Tessa’s debut commercial recording—SKY, a bluegrass-inspired violin concerto written for her by Michael Torke and performed with the Albany Symphony Orchestra—earned a 2020 GRAMMY nomination, and Tessa’s discography has been expanding ever since. Recordings include Fantasy, an album on the First Hand Records label that includes fantasias by Schubert, Telemann and Fritz Kreisler, Ravel’s Tzigane, and Tessa’s own Appalachian Fantasy; Invention, a debut album of the violin-bass duo Lark and Thurber that comprises arrangements of Two-Part Inventions by J.S. Bach along with non-classical original compositions by Tessa and her fiancé, Michael Thurber; and a live performance recording of Astor Piazzolla’s The Four Seasons of Buenos Aires, released in 2021 by the Buffalo Philharmonic in honor of Piazzolla’s 100-year anniversary.

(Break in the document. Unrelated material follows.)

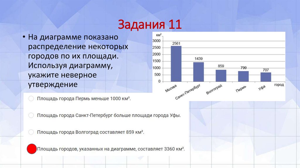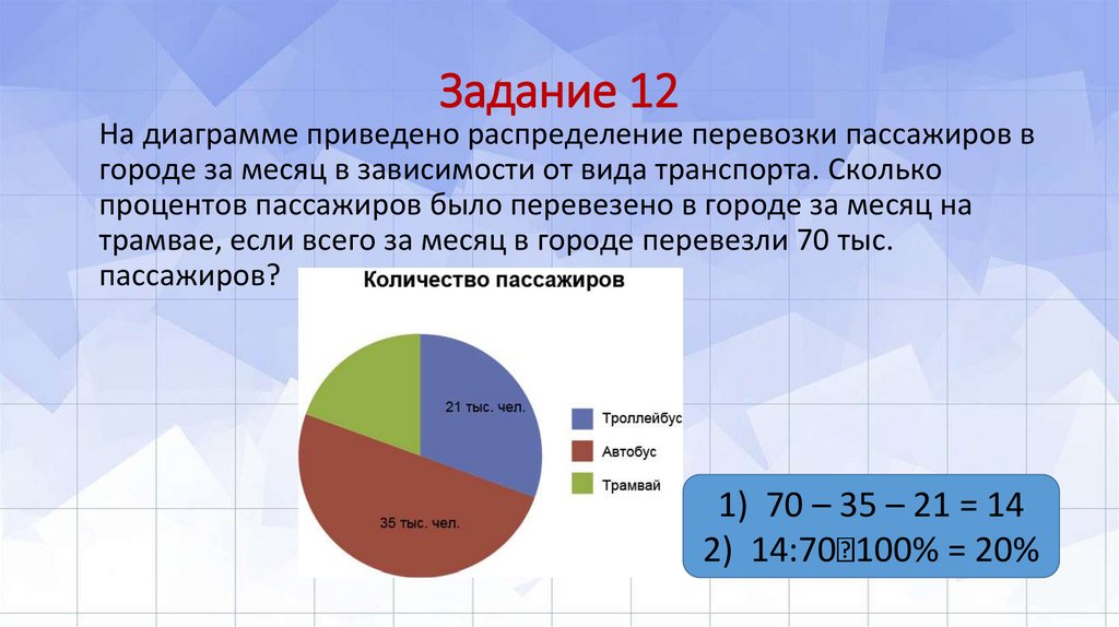 Задание 12На диаграмме приведено распределение перевозки пассажиров в

Her newest recording, The Stradgrass Sessions, is scheduled for release in 2022 and includes collaborations with composer-performers Jon Batiste, Edgar Meyer, Michael Cleveland, and Sierra Hull; original works by Tessa; and the premier recording of John Corigliano’s solo violin composition STOMP.

Tessa’s belief in music’s power to foster global connection and community across boundaries manifests in her genre-defying collaborations. Along with the Lark and Thurber duo, new projects include a string trio with composer-bassist Edgar Meyer and cellist Joshua Roman and a duo partnership with jazz guitarist Frank Vignola.

In addition to Tessa’s performance schedule, she was recently named Artistic Director Designate of Musical Masterworks, a chamber music presenter in Old Lyme, CT, for the 2021-22 season, and will assume the role of Artistic Director on July 1, 2022. Tessa is also a champion of young aspiring artists and supports the next generation of musicians through her work as Co-host/Creative of NPR’s From The Top, the premier radio showcase for the nation’s most talented young musicians; and as Mentor and board member of the Irving M. Klein International Strings Competition.

Her primary mentors include Cathy McGlasson, Kurt Sassmannshaus, Miriam Fried, and Lucy Chapman. She is a graduate of New England Conservatory and completed her Artist Diploma at The Juilliard School, where she studied with Sylvia Rosenberg, Ida Kavafian, and Daniel Phillips.

Tessa plays a ca. 1600 G.P. Maggini violin on loan from an anonymous donor through the Stradivari Society of Chicago.